Probability and Permutations

Part of the HAT-UG (HEC Aptitude Test - Undergraduate) study roadmap. Quantitative Reasoning topic qr-15 of Quantitative Reasoning.

By Last updated 4% exam weight

Probability and Permutations

🟢 Lite — Quick Review (1h–1d)

Rapid summary for last-minute revision before your exam.

Probability quantifies how likely an event is, on a scale of 0 (impossible) to 1 (certain). For equally likely outcomes, P(E) = favorable outcomes ÷ total outcomes. A permutation is an ordered arrangement counted by nPr = n! / (n−r)!, while a combination is an unordered selection counted by nCr = n! / [r!·(n−r)!]. The complement rule P(Aᶜ) = 1 − P(A) is the fastest way to handle “at least one” problems. HAT-UG typically tests 1–3 MCQs: pick the permutation when a ranking or sequence is specified (1st, 2nd, 3rd), pick the combination when a committee or team is chosen and order is irrelevant.


🟡 Standard — Regular Study (2d–2mo)

Standard content for students with a few days to months.

Definitions and Foundations

The sample space is the set of every possible outcome of a random experiment; an event is any subset of that space. Classical probability applies when each outcome is equally likely. Mutually exclusive events cannot occur together (e.g., rolling a 2 and a 5 on one die), so P(A or B) = P(A) + P(B). When events can overlap, the addition rule becomes P(A ∪ B) = P(A) + P(B) − P(A ∩ B), subtracting the intersection to avoid double-counting.

Independent and Conditional Probability

Two events are independent when one does not influence the other, giving P(A ∩ B) = P(A)·P(B). Conditional probability P(A|B) = P(A ∩ B) / P(B) measures the chance of A given that B has occurred; it is the conceptual seed of Bayes’ theorem.
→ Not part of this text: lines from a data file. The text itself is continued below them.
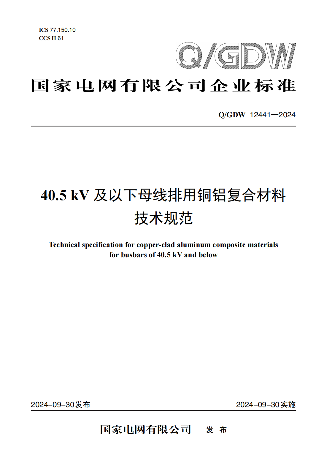 2023年4月,國(guó)網(wǎng)企標(biāo)《40.5kV及以下母線排用銅鋁復(fù)合材料技術(shù)規(guī)范》完成編制及報(bào)批,2024年10月25日企標(biāo)(見附件4- QGDW 12441-2024)正式實(shí)施。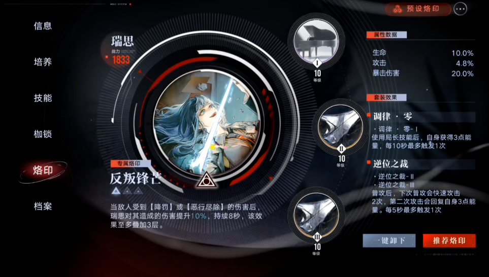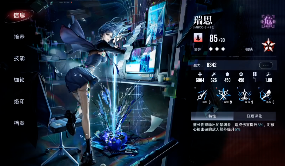 战局中,光剑的投放位置尤为关键,因为它决定了后续拾取或引爆的覆盖范围,玩家可以手动选择精准落点以覆盖更多敌人或针对关键目标。她的专属烙印反叛锋芒提供了重要的增伤机制,当敌人受到降罚或恶行尽除伤害后,瑞思对其造成的伤害会获得可叠加的提升效果,这进一步放大了她的持续输出能力。在角色养成上,瑞思的初始特性与狂厄深化都表明她是一名擅长物理输出的禁闭者,且对核心已被击破的敌人能造成额外伤害,这明确了她在队伍中作为物理爆发核心的定位。技能升级应优先保证关键输出技能的等级,烙印搭配则倾向于选择能强化其伤害或机动性的套装。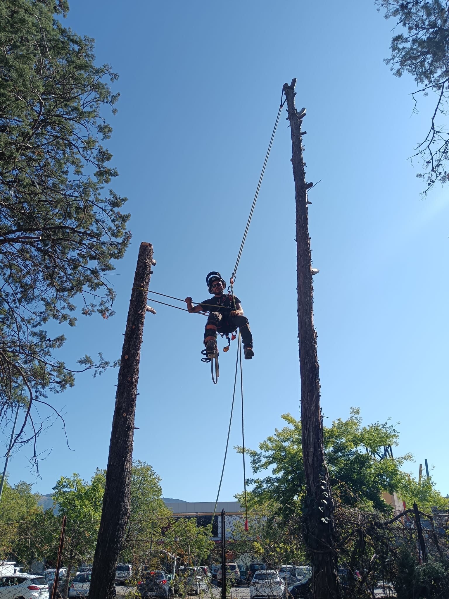 Emiliano Pulcinelli specializzato in tree climbing, arrampicata su alberi. Utilizzando corde e tecniche specifiche si accede alla chioma dell'albero per intervenire in caso di abbattimenti e di potature. È il metodo più rispettoso per l’albero perché permette all’operatore di raggiungere ogni punto della chioma senza usare mezzi pesanti, evitando danni al tronco, alle radici e al terreno circostante. Ogni operazione viene svolta utilizzando tutti i dispositivi di protezione necessari per lavorare in modo sicuro, realizzando operazioni di potatura mirate e abbattimenti che necessitano di concentrazione e precisione. Con questa tecnica posiamo effettuare interventi specialistici in quota con corde, nel pieno rispetto dell’albero e dello spazio verde.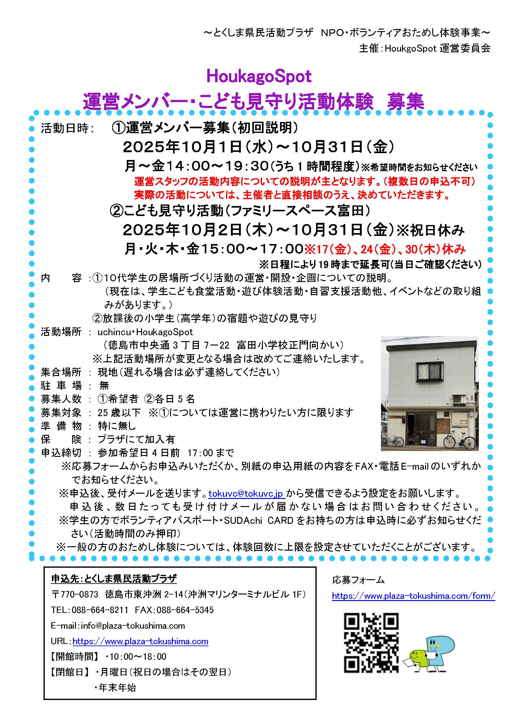「HoukagoSpot運営メンバー・学生ボランティア体験)」ボランティアスタッフ募集(2025年10月) 2025年10月9日 お知らせ おためしボランティア情報 by plaza. こちらのフォームからお申し込みください。 ※必ずボランティアの名称を記入してください。 チラシHoukgoSpot 修正 前の記事 次の記事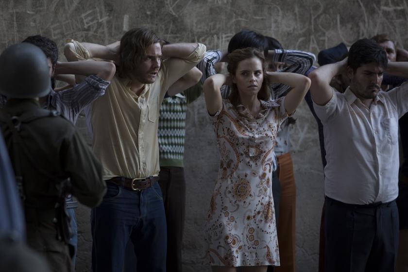 In The Colony Daniel (Daniel Brühl) is an activist graphic designer and photographer based in Chile, making posters and flyers backing socialist president Salvador Allende immediately prior to Pinochet’s 1973 military coup. Daniel's air stewardess girlfriend Lene (Emma Watson) arrives for her stopover and they rekindle their affair, spending their evenings at political rallies.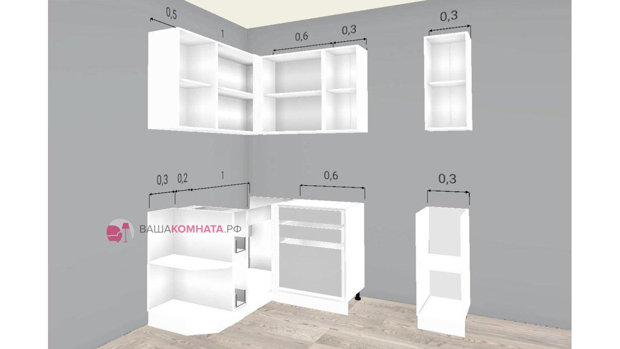 Внимание! Столешница, стеновая панель, смеситель, мойка, вытяжка, бытовая техника в комплект не входит, покупается отдельно! Рекомендованные размеры столешниц: 0,3м скос левый/правый + 1,2м + 0,6м + 0,3м (Угол может быть на правую и левую стороны, зависит от стороны скоса.)

The complement rule P(Aᶜ) = 1 − P(A) converts a messy “at least one” question into a single subtraction.

Counting: Permutations vs Combinations

The fundamental counting principle multiplies choices across stages. Permutations nPr count ordered arrangements of r items chosen from n distinct items. Combinations nCr count unordered selections. Note that nCr = nPr / r!. For arrangements around a circle where rotations are equivalent, use (n−1)!; for a necklace that can also be flipped, divide further by 2.

ScenarioFormula
Ordered line-up of r from nn! / (n−r)!
Unordered committee of r from nn! / [r!(n−r)!]
Circular seating of n(n−1)!

Exam-Style Patterns

HAT-UG MCQs use dice, cards (52-card deck, 4 suits, 13 ranks), coins, and committee selection. Watch for trap wording: “arrange” and “rank” signal permutations; “select” and “choose” signal combinations. “At least one” almost always means use the complement — compute the probability of zero occurrences and subtract from 1.
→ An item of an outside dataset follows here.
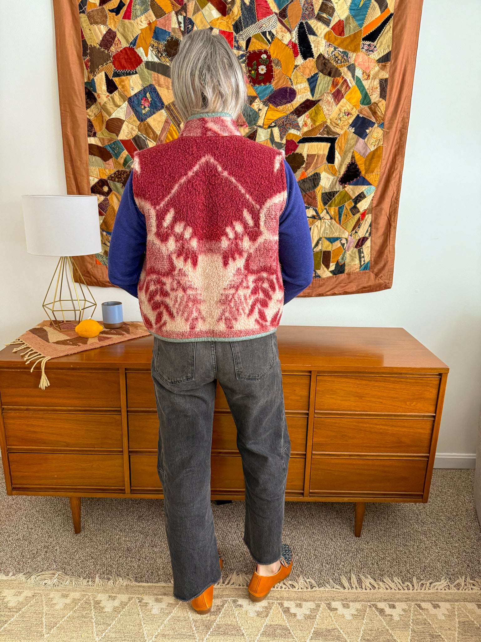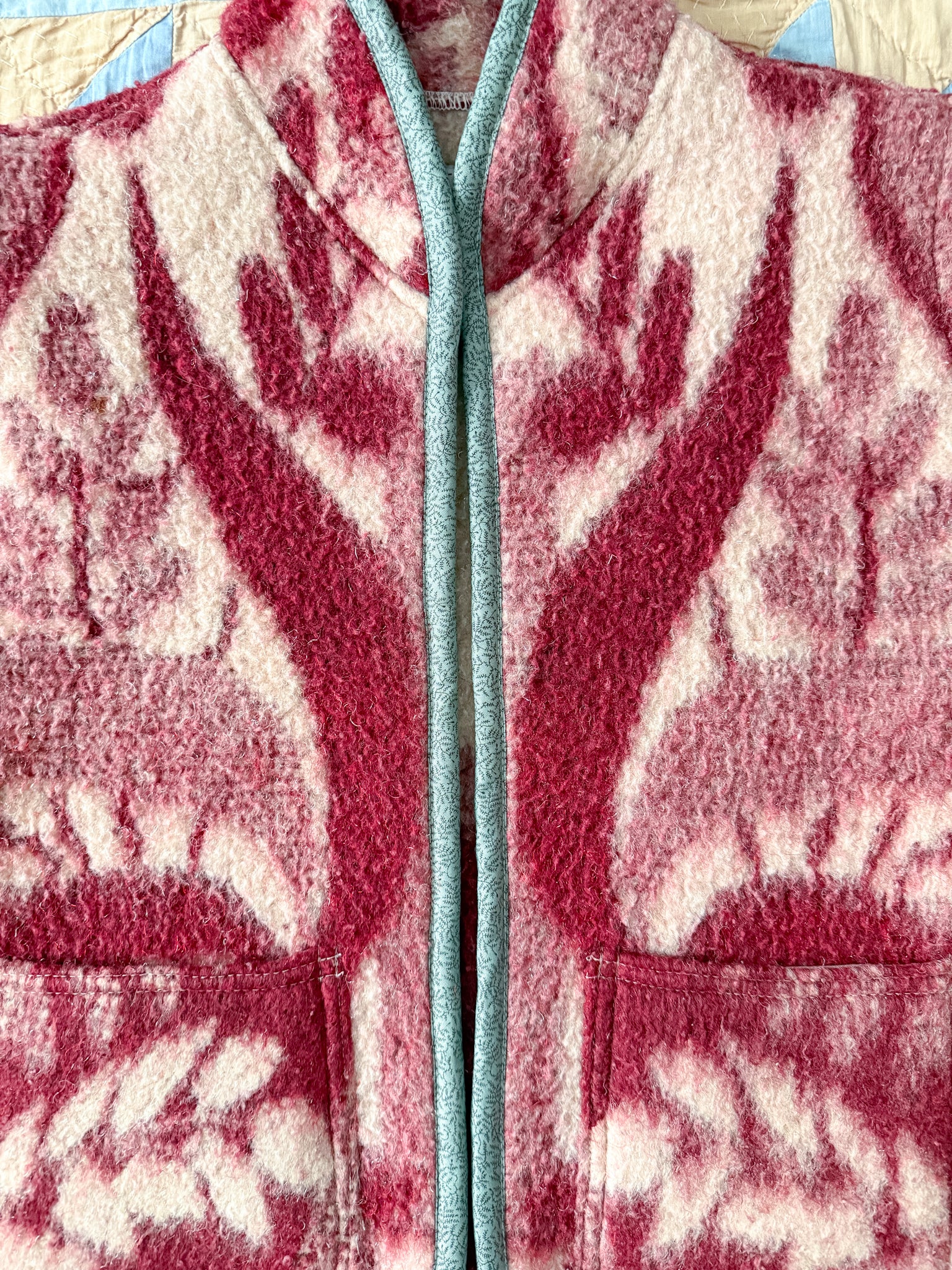 This vest features a vintage wool blanket sourced from a woman-owned business in Ukraine, with bound edges and fully-lined patch front pockets

🔴 Extended — Deep Study (3mo+)

Comprehensive coverage for students on a longer study timeline.

Edge Cases and Refinements

When items repeat, plain factorial overcounts. For arrangements of a word with repeated letters, divide n! by the factorial of each repetition count: arrangements of “MISSISSIPPI” = 11! / (1!·4!·4!·2!). Conditional probability requires the reduced sample space: P(king on 2nd draw | ace on 1st) is computed on a deck of 51, not 52. Bayes’ theorem extends this to invert conditions: P(A|B) = P(B|A)·P(A) / P(B).

Common Mistakes

  1. Using nCr when a rank is given (1st prize, 2nd prize are distinguishable — use nPr).
  2. Forgetting to subtract P(A ∩ B) in the addition rule for non-exclusive events.
  3. Treating “draw two cards” as a single trial when computing probability; sample space is 52·51 = 2652 ordered pairs.
  4. Dividing nCr numerator and denominator incorrectly — r and n−r are not interchangeable.
  5. Using P(A∩B) = P(A)·P(B) for dependent events (e.g., cards without replacement).
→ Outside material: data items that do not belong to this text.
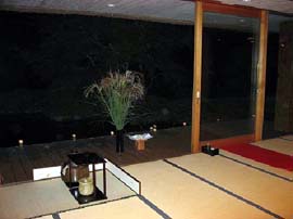 昼間は秋晴れの空と山々の景色を、夜はあいにく新月の頃で観月とまではいきませんでしたが、カエルのソロをBGMに竹筒に明かりを灯し、心地よい風を感じる秋の夜を楽しんでいただきました。昼、夜と違った趣でのお茶会を一度に出来るということで私達青年部会員にとっても、よい経験となりました。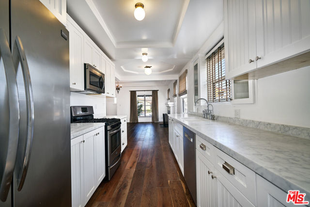 Fully remodeled by BetterShelter, this beautiful Spanish 3BR/2BA maintains all of its original charm, while still providing the comforts of a meticulous, modern reimagining! Enter the airy, open living room, complete with wide-plank oak floors, custom linen drapes, and a charming, decorative fireplace. The bright kitchen boasts stainless appliances, Carrara marble counters, and a separate laundry room with an abundance of storage and pantry space. The primary suite features dual closets, custom drapes, and a delightful ensuite bathroom. A guest bathroom and two additional guest bedrooms, each with French doors to the backyard and deck, round out the fabulous floor plan. Enjoy year-round entertaining and relaxing in the private, lush backyard, with its shady trees and grassy yard. The spacious and partially finished garage would make an excellent space for a home gym, bonus storage, or an office. Enjoy excellent proximity to Joe's Pizza, Bloom Cafe, Paper & Plastic, Sky's Tacos, LACMA, The Grove, and the 10 freeway.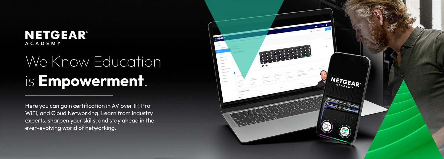 This training introduces NETGEAR AV managed switches, their key features, and how to design them into projects. It demystifies networking terminology across seven modules, building confidence in configuration and troubleshooting. By the end, you'll be ready to deploy these switches in AV over IP environments.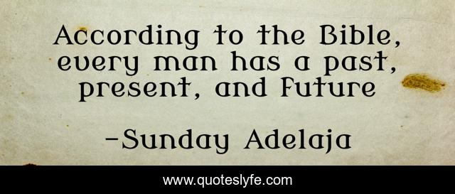 This page presents the quote "According to the Bible, every man has a past, present, and future". Author of this quote is Sunday Adelaja. This quote is about bible, calling, past, future, fulfillment, man, present, purpose,.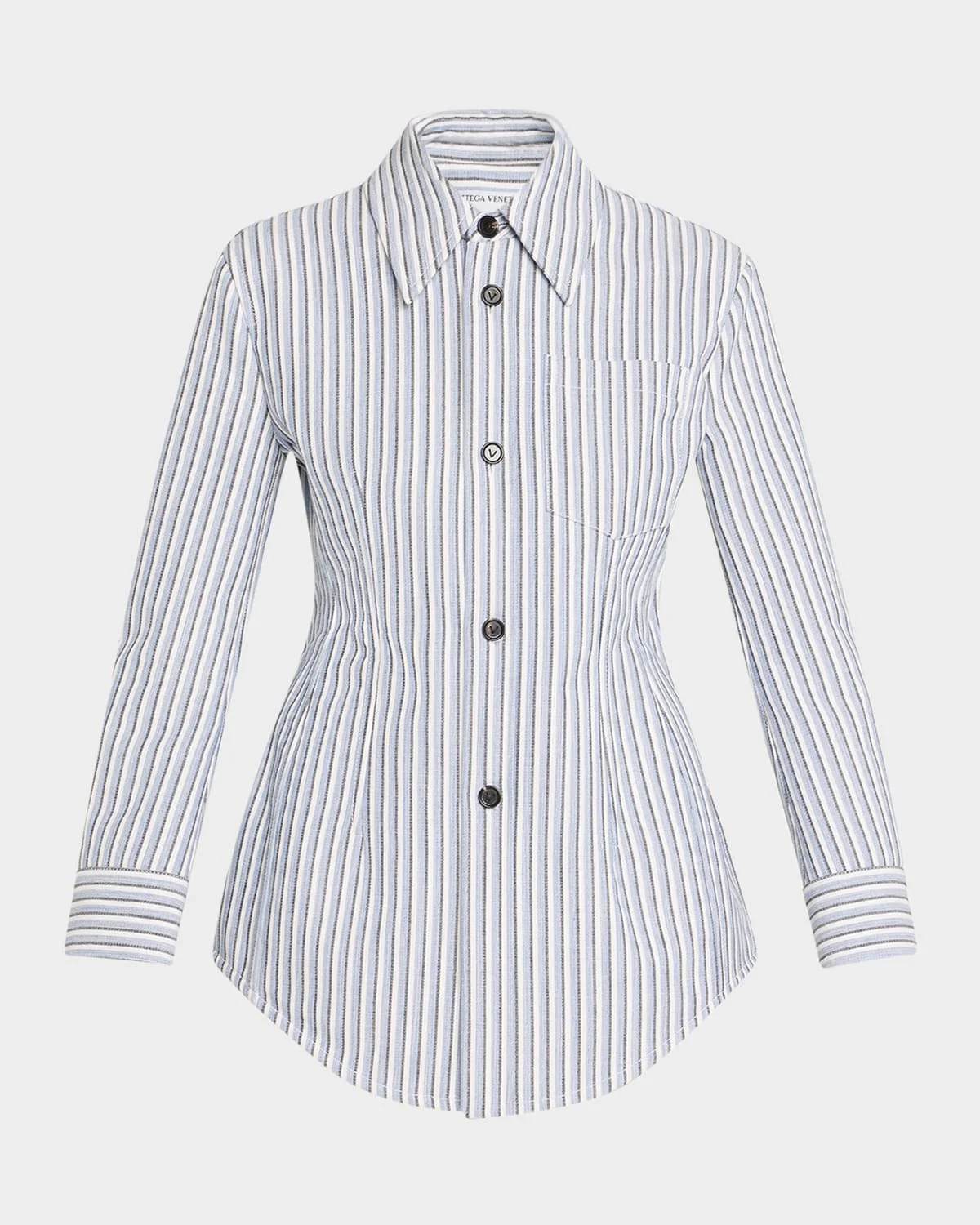 - Bottega Veneta striped jacket in lightweight structured cotton - Spread collar; button front - Long Sleeve; button cuffs - Chest patch pocket - Sculptural fit - Back yoke - Cotton - Made in Italy

Connection to Adjacent Topics

Probability and counting fuse naturally with set theory (Venn diagrams encode the addition rule) and data sufficiency questions in HAT-UG. A solid grip on nCr also speeds up binomial expansion coefficients and basic binomial probability P(X = k) = nCr·pᵏ·(1−p)ⁿ⁻ᵏ.

Worked Micro-Example

A bag holds 5 red and 3 blue balls. Two balls are drawn without replacement. Probability that the first is red and the second is blue: P = (5/8) · (3/7) = 15/56 ≈ 0.268.

Practice Prompts

  1. How many 4-digit PINs can be formed from digits 0–9 if no digit may repeat? (Answer: 5040)
  2. From 6 men and 4 women, a 3-person committee is chosen at random. What is the probability it contains exactly 2 women? (Answer: nCr(4,2)·nCr(6,1) / nCr(10,3) = 36/120 = 3/10)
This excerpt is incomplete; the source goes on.